In this study, we developed a simple-to-use method for the targeted mining of the RNA-SEQ dataverse for lncRNA transcripts irrespective of their polyadenylation status. Our method is achievable on a public server in Galaxy (galaxyproject.org) with an extensive easy-to-follow guide available (see Scheme S1). It takes as input Sequence Read Archive (SRA) codes and the output is a .TXT file reporting the depth of coverage per position making end-user memory requirements compatible with standard desktop/laptop computers or even smartphones. However, it can be adapted to run on a cluster without a graphical user interface (GUI). Using this method, we have been able to amass evidence through the analysis of 3.9 TBase of RNA-SEQ data across 27 publications documenting the expression of a novel pancRNA overlapping the IPF-associated rs35705950 SNP implicated in MUC5B overexpression, annotated as AC061979.1 by GENCODE. The results were replicated by qRT-PCR in A549 cells and CFBE41o submerged cultures as well as in pHAECs.

4. Materials and Methods

4.1. RNA-SEQ Data Processing for Novel ncRNA Detection

To determine the existence of a MUC5B pancRNA, we manually collected publicly deposited RNA-SEQ data from 27 independent studies involving alveolar and bronchial samples from primary human tissue and i n v i t r o experiments (see Table S1).

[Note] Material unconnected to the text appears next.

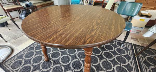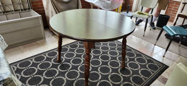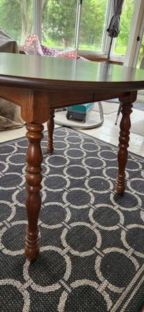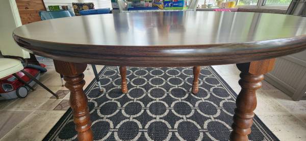Reduced to $130.00 Cochrane Dark Oak Table - 42" Round - 2 - 12" Leaves Extends to 42"x 66" Next to new dining kitchen table Smallest size is 42" x42" Round Largest is 42" x 66" with 2 - 12" leaves...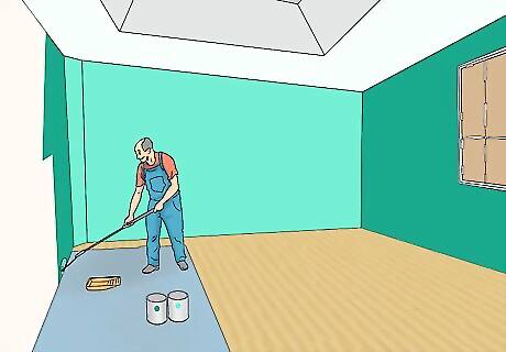 Start with the biggest, most central room when painting. This room is often the easiest to plan out. Most likely you already have an idea of how you want to paint the room. Once you settle on a color scheme, you can then begin working on adjoining rooms, coming up with colors that complement it. For instance, you might start with the living room. Think about painting it a bright color to make it big and vibrant. Then, paint adjoining rooms with more subdued colors. If you know you want to paint a room with bold colors, you can start there even if the room is small. Come up with contrasting colors for nearby rooms.

RNA-SEQ reads above Q20 were mapped to the human reference genome GRCh38.p13 using HISAT2 [63]. Mapped reads were filtered with samtools view [64] and only read pairs mapping to chromosome 11, region 1,202,000–1,220,500, were kept. Subsequently, the depth of coverage per base was extracted from all datasets and collapsed. The results were visualised in R Studio (ggplot2). The pipeline can be performed in Galaxy (galaxyproject.org). An extensive step-by-step guide is available as a Supplementary File (Scheme S1).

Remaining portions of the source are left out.